BMI accounts for an average of 44% of the SES-GMV associations that remain after controlling for PGI_SES (Figs. 3C and 4). This result is not due to neurological disease associated with BMI, such as stroke or neurodegenerative disease, because neurological disease was an exclusionary criterion for our sample. The effect is particularly large in the thalamus and the cerebellum as well as the lateral temporal region and some areas of the vmPFC. Furthermore, for 91% of the voxels with significant SES-GMV association in the European ancestry sample, at least 50% of the estimated SES-GMV association can be statistically attributed to PGI_SES and BMI combined, with 67% on average.
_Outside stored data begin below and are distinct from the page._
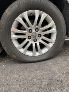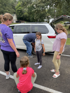 On the way home we saw the tire pressure light come on so momma got to figure out where the tire is located on a van (lesson learned it is in the middle) and started changing the tire. A sweet man at the church we pulled into came over to help us after we had pulled the tire out and started jacking it up
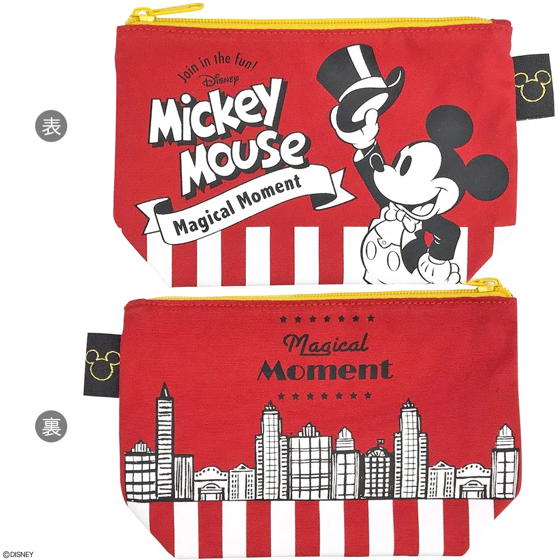 シルクハットにタキシードでオシャレに決めたミッキーをデザインした<魔法の瞬間>は、えんじ色の生地が一層クラシカルなテイストを引き立たせています。裏面はきらびやかなビルや建物をデザイン。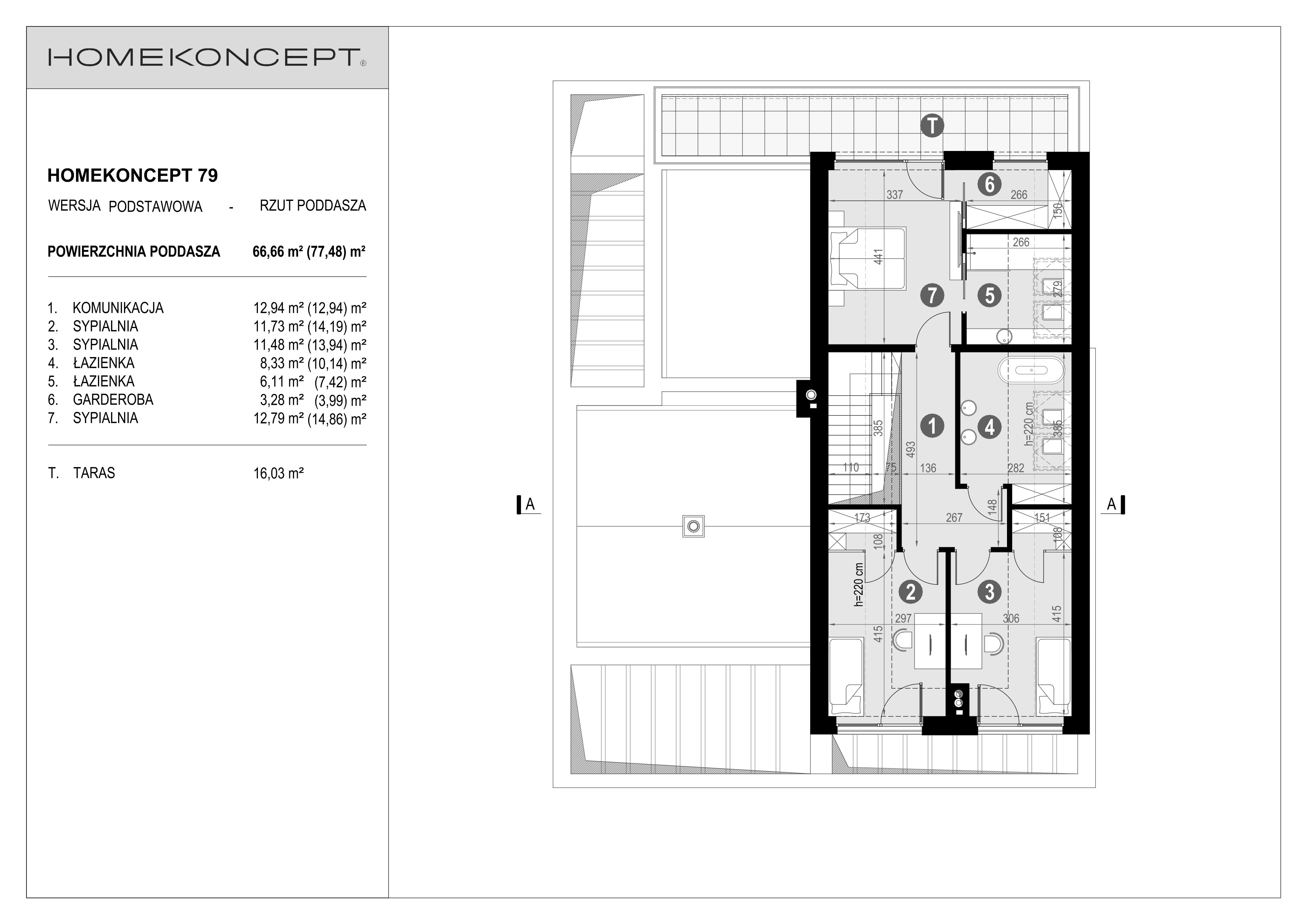 RZUT PODDASZA POWIERZCHNIA: 66,66 m² (77,48 m²) 1. KOMUNIKACJA – 12,94 m² 2. SYPIALNIA – 11,73 m² (14,19 m²) 3. SYPIALNIA – 11,48 m² (13,94 m²) 4. ŁAZIENKA – 8,33 m² (10,14 m²) 5. ŁAZIENKA – 6,11 m² (7,42 m²) 6. GARDEROBA – 3,28 m² (3,99 m²) 7. SYPIALNIA – 12,79 m² (14,86 m²) T. TARAS – 16,03 m²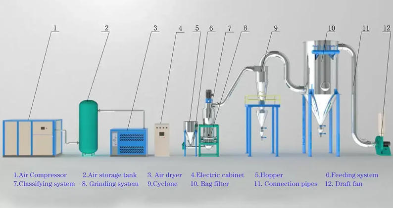 Le moulin à réaction LHL utilise de l'air comprimé qui est congelé, filtré et séché pour former un flux d'air supersonique injecté dans la chambre de concassage, fluidifiant le matériau.Les particules accélérées entrent en collision à l'intersection de plusieurs flux d'air de la buse., ce qui permet d'obtenir un concassage ultrafin grâce à des forces de collision, de friction et de cisaillement sévères.

Fig. 4. Genetic and environmental components in the association between SES and GMV of voxel clusters.

Associations in partial R² between the two PCs for SES and GMV in voxel clusters attributable to PGI_SES and BMI. The numbers in the bars report the percent share in the SES-GMV association statistically attributable to PGI_SES or BMI partialled out of PGI_SES. The clusters were formed from the VBM results plotted in Fig. 3Aa. See table S9 for more information about the clusters. Measurement error in PGI_SES was adjusted for with genetic instrument variable regression. The sample was restricted to individuals of European ancestry.

We then explored the possible functional implications of the volumetric differences observed here by relating them spatially to the results of meta-analyzed functional MRI (fMRI) studies, based on NeuroQuery and 492 cognitive concepts from the Cognitive atlas knowledge base (Fig. 5 and fig. S15) (29, 30). The neuroanatomical correlates of SES are most strongly expressed in language, perceptual cognitive functions, self-monitoring, and communication with statistical significance at the false discovery rate of 5%. These functional associations of SES appear to be driven by genetic influences (PGI_SES), while PGI_SES also distinctly reflects functions related to decision-making (risk and uncertainty), altruism, and empathy as well as broader categories of concepts as shown. The regions presumed to be more environmentally susceptible (Fig. 5C) tend to relate more to functions pertaining to executive control and learning and memory, none of which, however, were statistically significant at the false discovery rate of 5%.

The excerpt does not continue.